=== Section Start ===

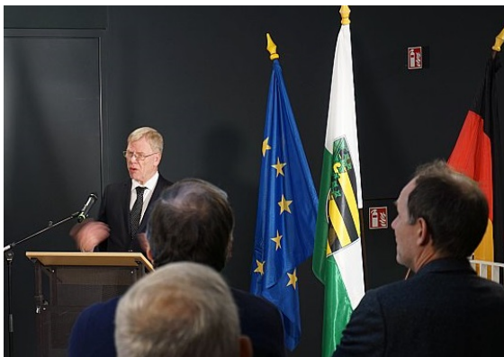
Minister of Finance, Prof. Unland, ceremonially opens the Hermann Krone Building.

The new building provides 3500 square meters of space for laboratories, some of them of cleanroom quality. The building is equipped with a 400-square-meter solar facility on the roof and is heated with waste heat from the TUD high-performance computing centre. The construction costs amounted to just under 30 million Euro. Researchers from the Dresden Integrated Center for Applied Physics and Photonic Materials (IAPP) and from the Center for Advancing Electronics Dresden (cfaed) will be moving into the new rooms. Overall, approximately 120 researchers will have jobs in the building, working – among other things – on the development of high-precision measuring methods in the nanometer range.
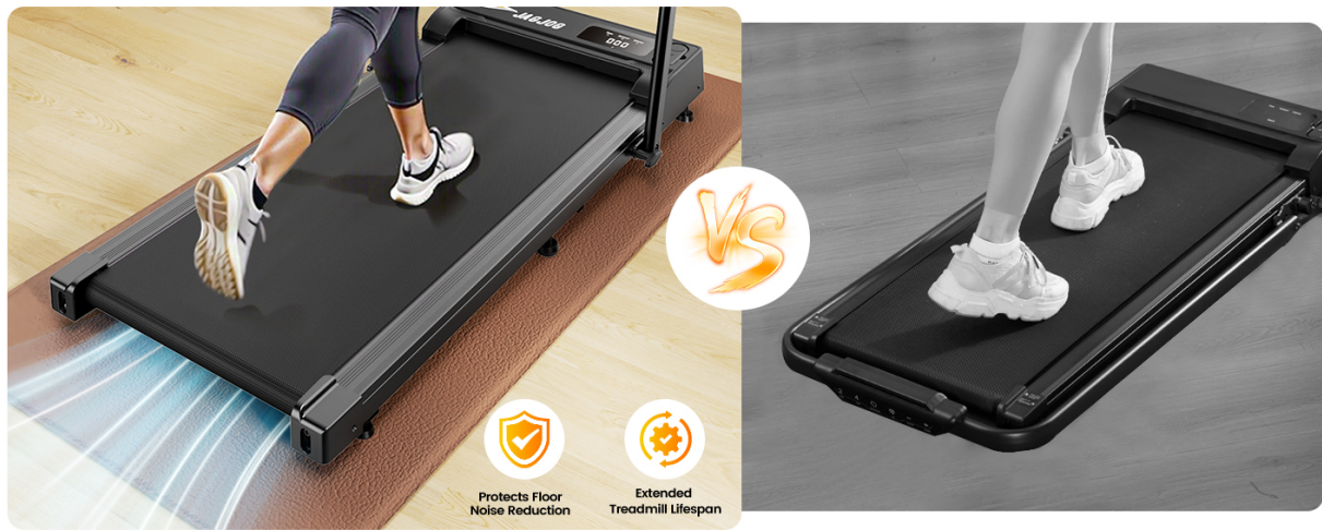
Image 4.1: The treadmill is shown with the included premium mat, which protects floors and assists with heat dissipation.
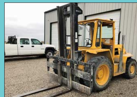
10,000 Lb. Sellick Model SD-100 Diesel Pneumatic Tire Lift Truck
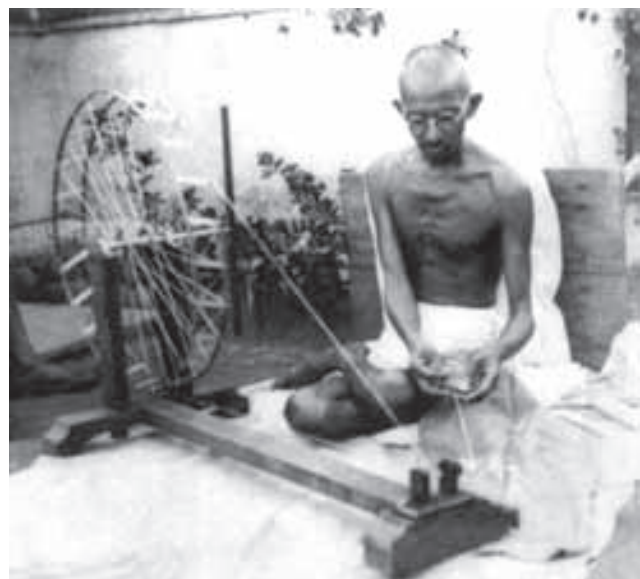
Fig.20 – The familiar image of Mahatma Gandhi, bare chested and at his spinning wheel.

If you were a poor peasant would you have willingly taken to giving up mill-made cloth?
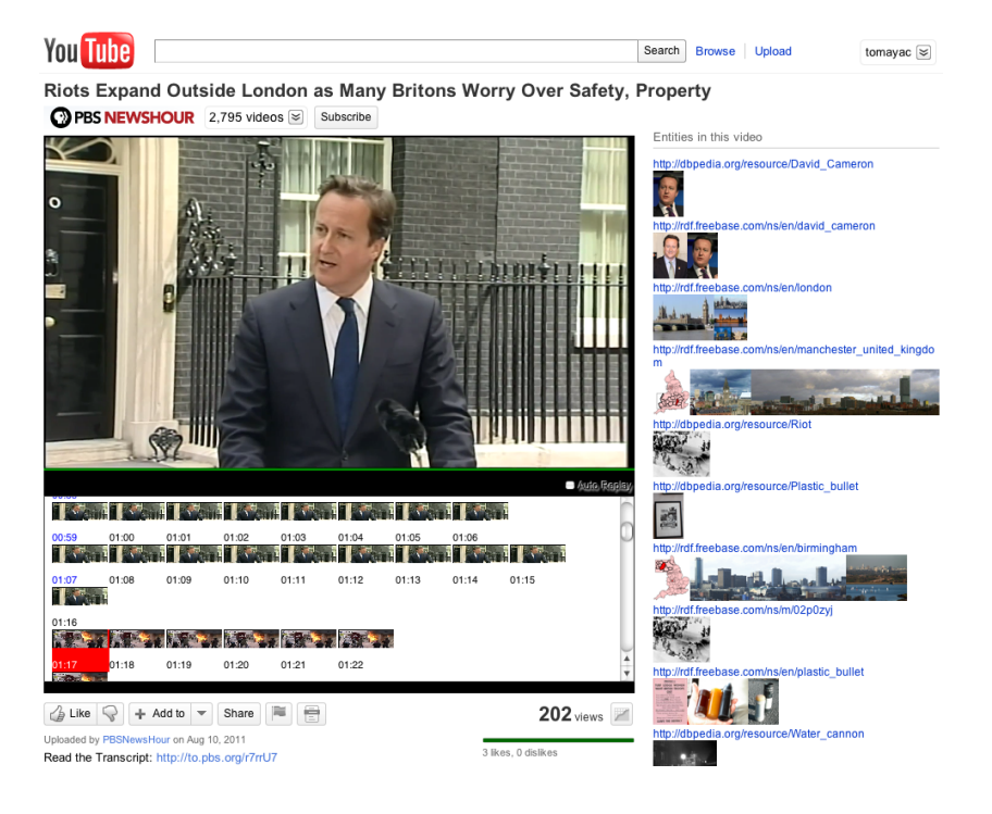
Fig. 2: Screenshot of the YouTube browser extension, showing the three different event types: visual events (video shots below the video), occurrence events (contained named entities and their depiction at the right of the video), and interest-based events (points of interest in the video highlighted with a red background in the bottom left).

Interest-based Event Detection Process As soon as the visual events have been detected, we attach JavaScript event listeners to each of the shots and count clicks on shots as an expression of interest in those shots.
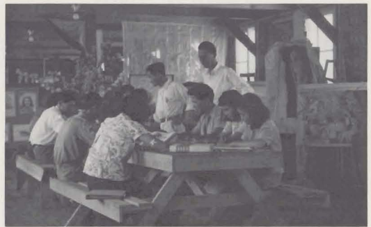
Fig. 24. "Painted pictures"
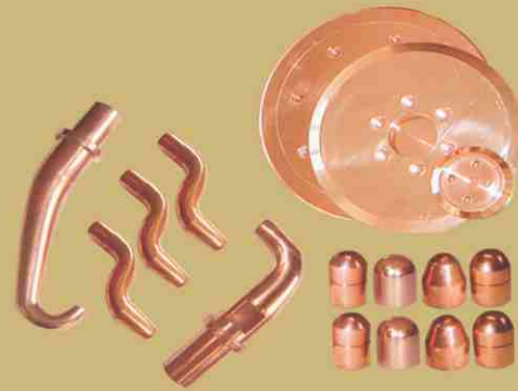
Resistance Welding Products
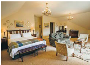
Rathmullan House | Rathmullan
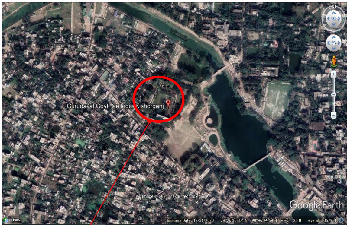
Figure 2: Gurudayal Govt. College, Kishoreganj in Google Map
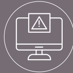
Susceptibility to errors
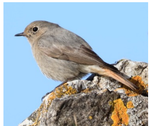
Black Redstart photo by Emily Lomas: Brean Down in March

This note draws on information published in British Birds journal, March 2026.
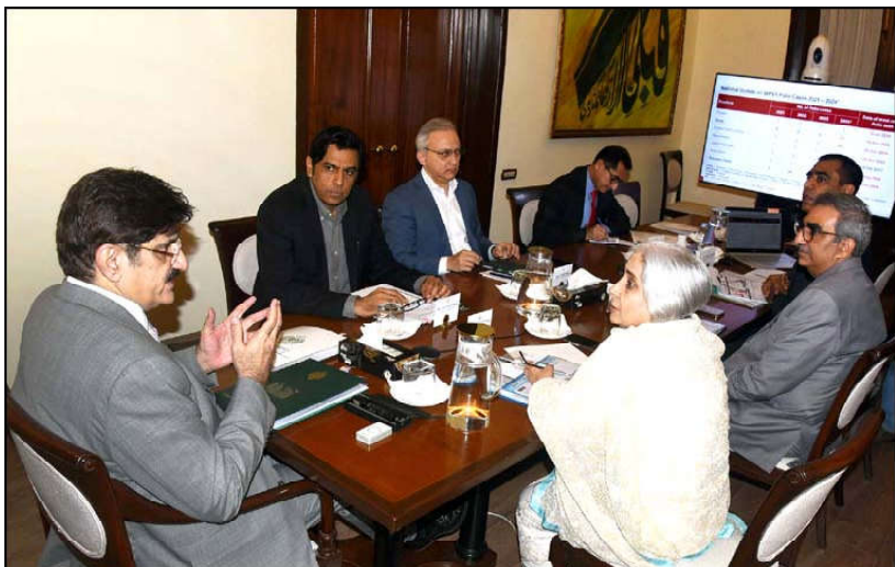
KARACHI: Sindh Chief Minister, Syed Murad Ali Shah presides over a meeting regarding polio eradication, held at CM House in Karachi.

He highlighted that maintaining law and order is crucial for the well-being and prosperity of citizens.
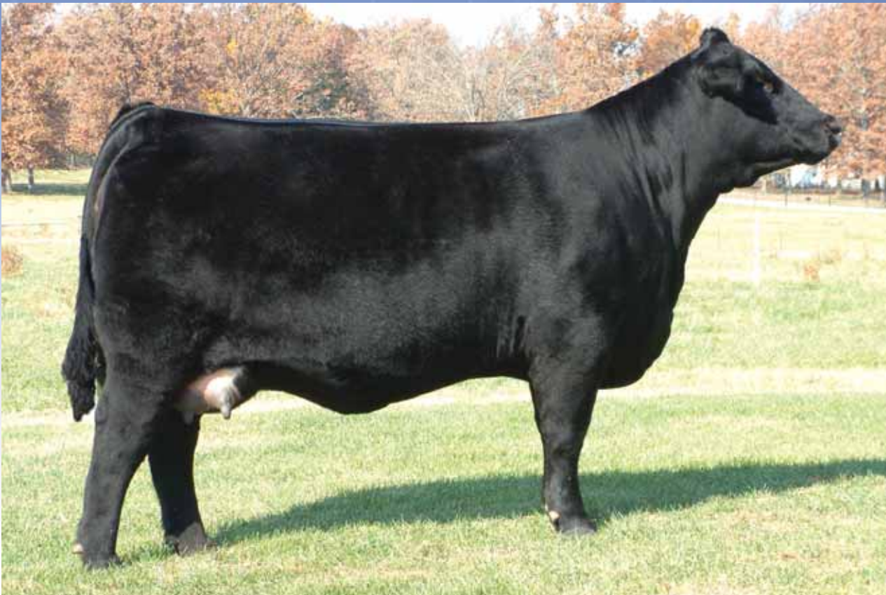
AUTO Rebeca 292S, dam of Lot 15
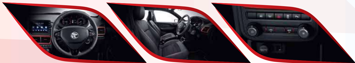
Leatherette Steering Wheel with Switches
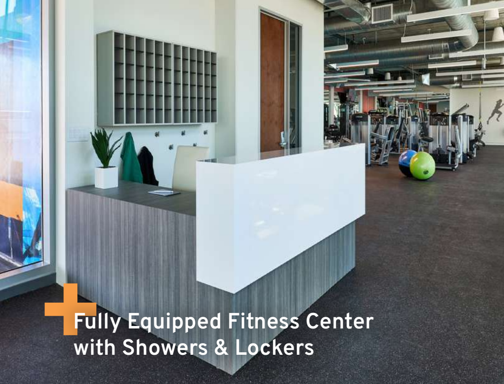
+ Fully Equipped Fitness Center with Showers & Lockers
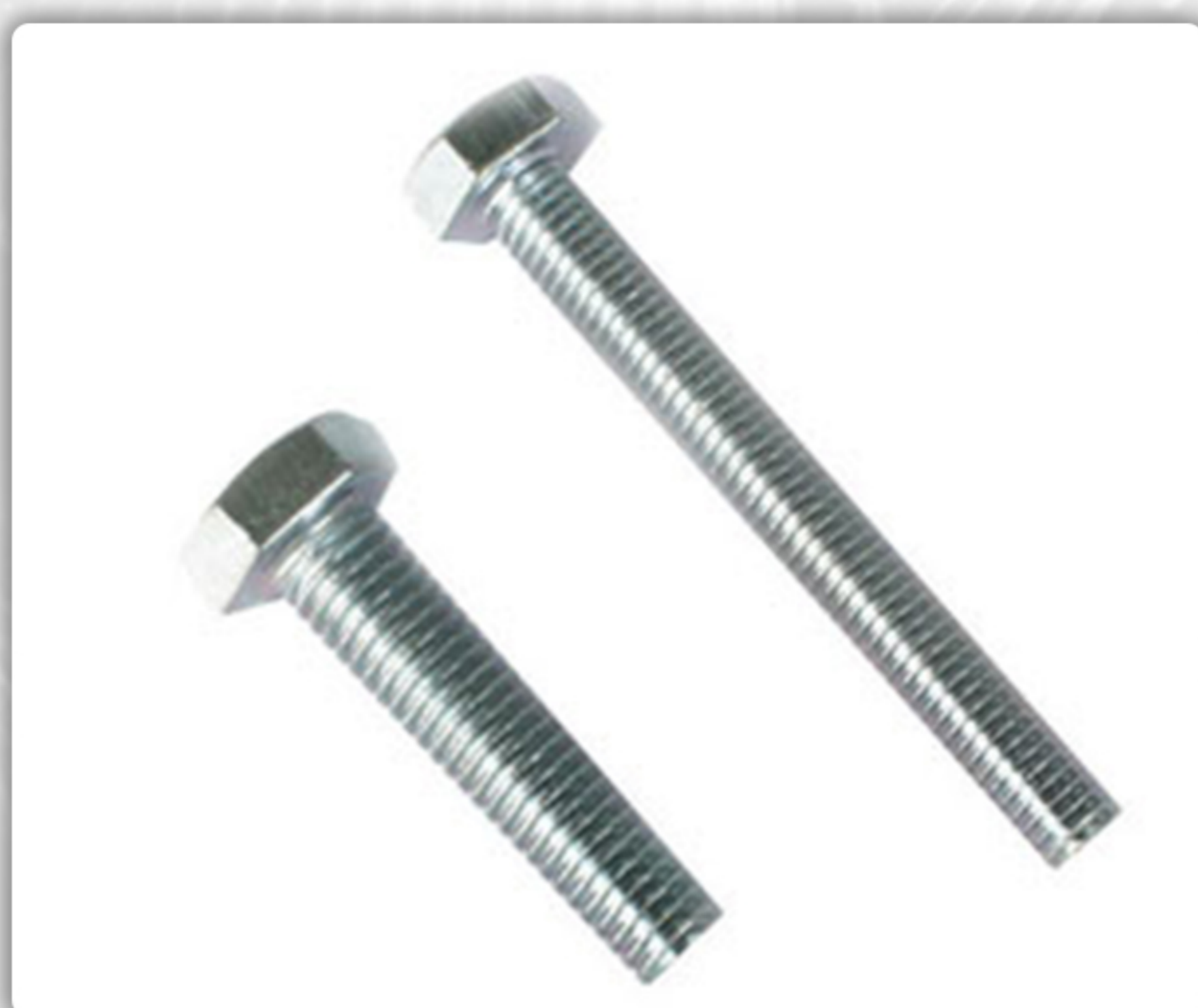
» FULL THREAD BOLTS
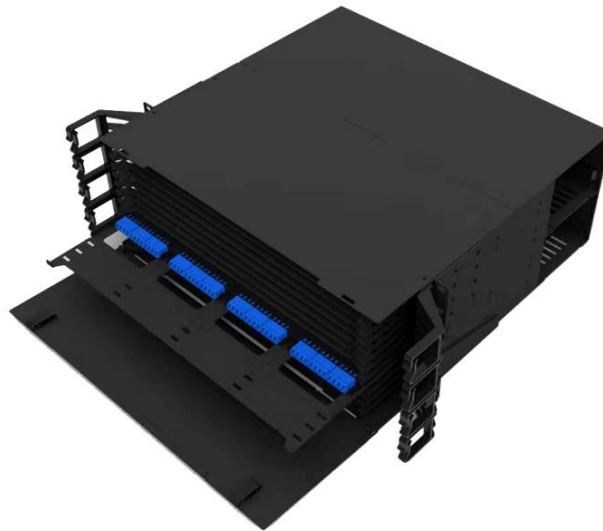
Figure 1. Giganet 4U 48 slots UHD Modular Sliding Patch Panel

Easy front access with hinged cable management bar which provides protection of the patch cords as well as labelling. Sliding patch panel is supplied unloaded and the cassette modules are supplied separately.
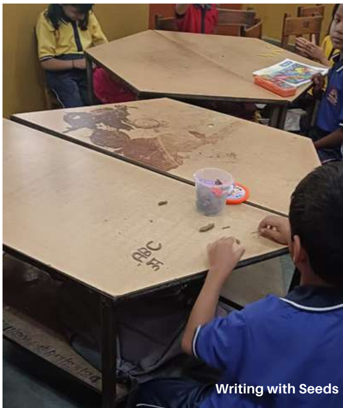
Writing with Seeds
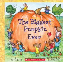
The Biggest Pumpkin Ever by Steven Kroll
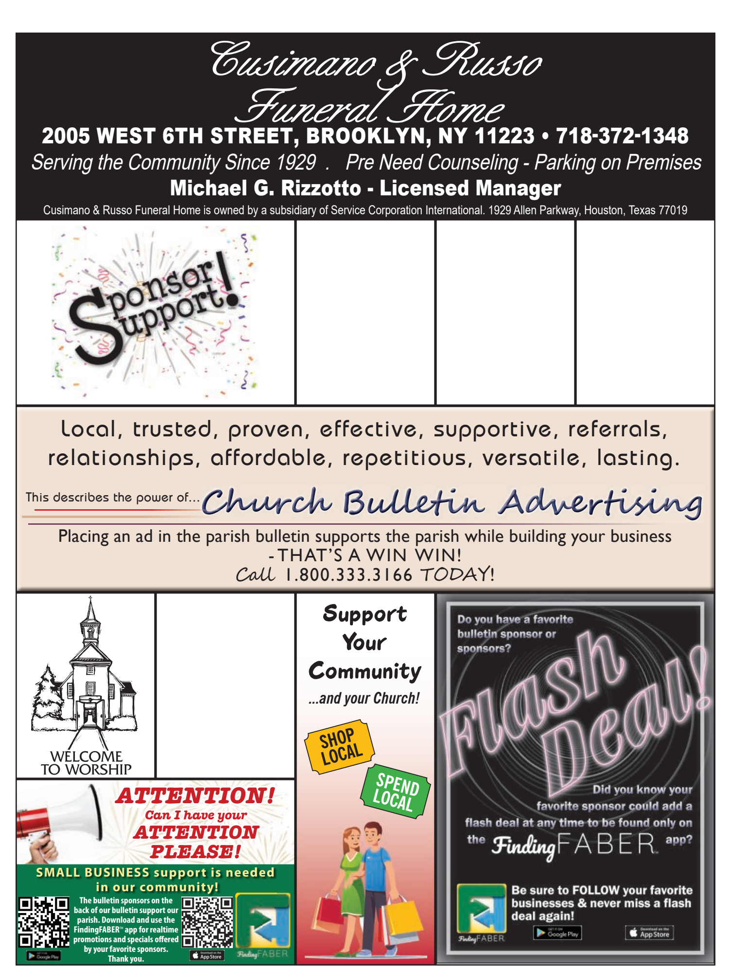
433 - St. Edmund, Brooklyn, NY (i)
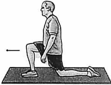
Hip flexor stretch
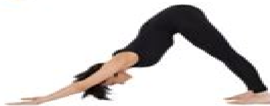
Downward Facing Dog
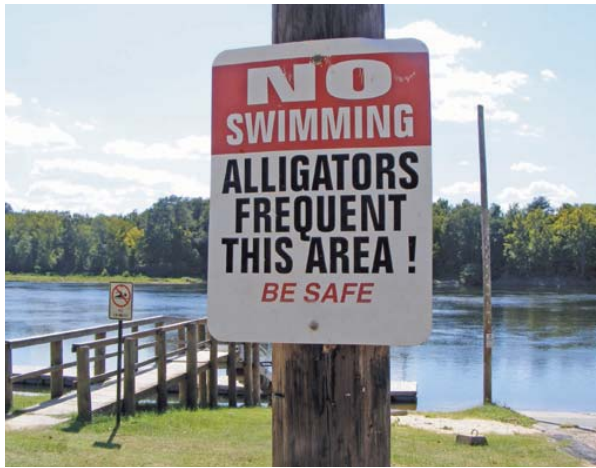
Lizabeth West, FWC

Do not swim outside of posted swimming areas or in waters that may be inhabited by alligators.
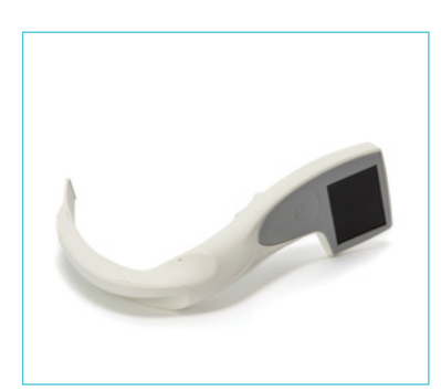
Airway Management • Airway Accessories
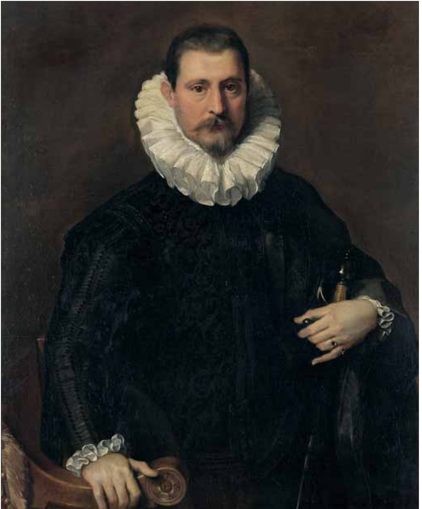
49. Federico Barocci, Portrait of Count Federico Bonaventura , Blue Room.
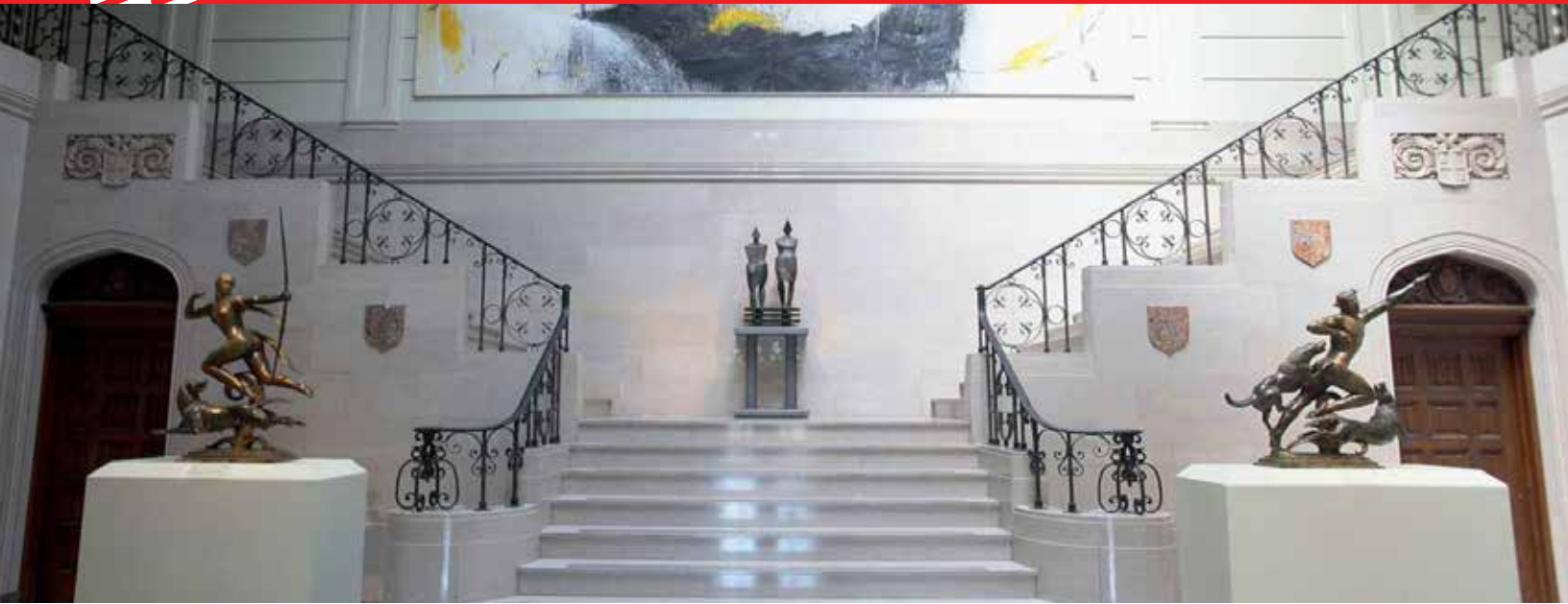
The David Owsley Museum of Art at Ball State University.

=== Section End ===

### Instructions to follow
Repeat the listing above from its first line through the line that contains "AUTO Rebeca 292S, dam of Lot 15", both included, and nothing more. Drop the pictures.

### Task output
Minister of Finance, Prof. Unland, ceremonially opens the Hermann Krone Building.

The new building provides 3500 square meters of space for laboratories, some of them of cleanroom quality. The building is equipped with a 400-square-meter solar facility on the roof and is heated with waste heat from the TUD high-performance computing centre. The construction costs amounted to just under 30 million Euro. Researchers from the Dresden Integrated Center for Applied Physics and Photonic Materials (IAPP) and from the Center for Advancing Electronics Dresden (cfaed) will be moving into the new rooms. Overall, approximately 120 researchers will have jobs in the building, working – among other things – on the development of high-precision measuring methods in the nanometer range.
Image 4.1: The treadmill is shown with the included premium mat, which protects floors and assists with heat dissipation.
10,000 Lb. Sellick Model SD-100 Diesel Pneumatic Tire Lift Truck
Fig.20 – The familiar image of Mahatma Gandhi, bare chested and at his spinning wheel.

If you were a poor peasant would you have willingly taken to giving up mill-made cloth?
Fig. 2: Screenshot of the YouTube browser extension, showing the three different event types: visual events (video shots below the video), occurrence events (contained named entities and their depiction at the right of the video), and interest-based events (points of interest in the video highlighted with a red background in the bottom left).

Interest-based Event Detection Process As soon as the visual events have been detected, we attach JavaScript event listeners to each of the shots and count clicks on shots as an expression of interest in those shots.
Fig. 24. "Painted pictures"
Resistance Welding Products
Rathmullan House | Rathmullan
Figure 2: Gurudayal Govt. College, Kishoreganj in Google Map
Susceptibility to errors
Black Redstart photo by Emily Lomas: Brean Down in March

This note draws on information published in British Birds journal, March 2026.
KARACHI: Sindh Chief Minister, Syed Murad Ali Shah presides over a meeting regarding polio eradication, held at CM House in Karachi.

He highlighted that maintaining law and order is crucial for the well-being and prosperity of citizens.
AUTO Rebeca 292S, dam of Lot 15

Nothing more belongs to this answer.